Where did I run into difficulties in the analysis?

My main difficulty was, I knew almost nothing about wine making and its procedures. So I started my project by reading many articles and blog posts about wine making. Learned a lot about technical terms and attributes used in this data set, however this learning process took longer than I expected

Where did I find successes?

In this project, we asked a question to dataset, “Which chemical properties influence the quality of red wines?”, and investigated it in many ways. The best part of this project and for me the main success was exploring and somehow predicting a wine quality with a few technical variables without actually tasting it. Just by exploring data, anyone can figure out basic trends and answer this question “What really effects red wine quality?”

How could the analysis be enriched in future work?

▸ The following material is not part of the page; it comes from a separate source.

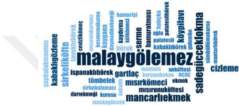
Şekil 3.5: Zonguldak ili Yöresel Hamur İşleri İsimlerine ilişkin Kelime Bulutu

olma özelliğini taşıyan Zılbıt gibi isimlerle anılan bitkinin taze yapraklarından yapılmasıdır. Dolma taze yapılabildiği gibi yapraklar kurutulup saklanarak yapılabilmektedir. Bölgeye özgü bir diğer dolma etli yaprak sarmasıdır. Bu sarma çok küçük bir şekilde lokmalar halinde sarılarak yapılmaktadır. Az bilinen bu dolma çeşitleri bölgede gastronomi turizmi özelinde kullanılabilir olan özgün dolma çeşitleridir. Turizmin kalkınması anlamında şehir genelinde bu az bilinen yemeklere sahip çıkılması gerekmektedir. Aşağıda sunulan Şekil 3.5’te ise Zonguldak iline ait yöresel hamur işlerine ilişkin kelime bulutuna yer verilmektedir.

Although it looks not possible to add new features to the data, since all records are anonymous, expert reviews could be added to enrich this data set. I think it is important to get feedback from reviewers because there isn’t any explanation of how these reviewers rate a wine and also no information about evaluation criterias. Not only having scoring numbers but also some more information about the score and reviewers notes about the wine would increase the productivity of this investigation. If we had that information, some text learning algorithms could be applied on reviewer comments to gather more information about what makes a wine great or bad from reviewers eyes. Thus making sensory data more clear and understandable.